Eventually they were all in formation, facing the rock, in geostationary orbit above the mark.
“OK, go,” Carlos said.
He thrust off, warily and lightly. The surface hurtled towards him. He pushed hard with his hands, to fire retros. Too late. The visor went black. Mocking green letters scrolled. GAME OVER.
A few seconds later, the screen came back on. Black space, bright stars, and everyone tumbling about again like kittens in a sack. Carlos found himself laughing. They all were. Nicole had been right. This was going to be fun.
A consequence of training on the simulators that Carlos hadn’t expected was that he finished each day mentally exhausted but shaking with surplus physical energy. It took him a day or two to identify the problem. Chun had solved it already: after the first session he’d gone next door to the swimwear shop, and then to the beach. They all laughed, then one by one over the next evenings did the same.
“Is it safe?” Carlos asked Nicole, the night before the day he took the plunge.
“Your friends are all coming back safely, aren’t they?”
“You know what I mean.”
“The bigger predatory ichthyoids don’t come close to shore,” she mused. “Except when there’s been a storm far out at sea, of course. As far as I know, there are no jellyfish equivalents or other nasty stingers in this ocean. Except… hmm. Nah. You’re safe enough as long as the tide isn’t running wild.”

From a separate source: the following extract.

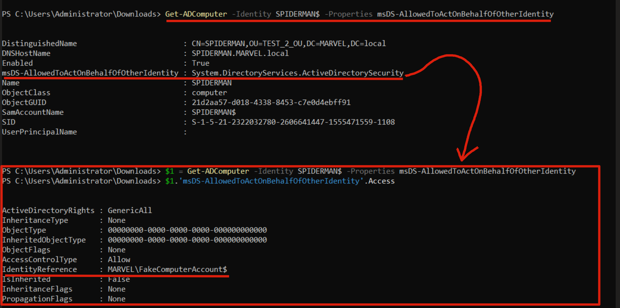 via “Get-ADComputer” (requires RSAT) it is noticeable that the value “MARVEL\EvilComputer$” is actually present.
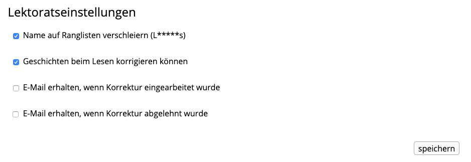 ) Im zweiten Bereich (Lektoratseinstellungen), kannst du auswählen, ob du Texte direkt beim Lesen korrigieren möchtest. Außerdem ist es möglich, einzustellen, dass du über die Einarbeitung oder Ablehnung einer Korrektur informiert wirst.

“Which it does, with no pattern I can see.”
Nicole laughed. “You need a supercomputer to spot the patterns. Tough shit for any Galileo if this world had native intelligence.”
“Just as well we’re inside a supercomputer, then.”
“Oh, all right. I’ll get Iqbal to post warning signs on the beach if necessary.”
“What about tomorrow?”
She pondered. “Tomorrow’s fine.”
He didn’t ask how she knew, given what she’d said. Maybe she’d been here long enough for it to be intuitive.
That evening, when he staggered out of the surf, legs streaked with coppery wrack, hurting his feet on pebbles, he was almost certain that he was in a real reality and not a simulation. An hour later, over hot seafood in the Touch, Nicole told them all that they’d trained as far as they could in the simulators. It was time for the real thing: one training exercise in the frames, then combat. Tomorrow they would be robots in space.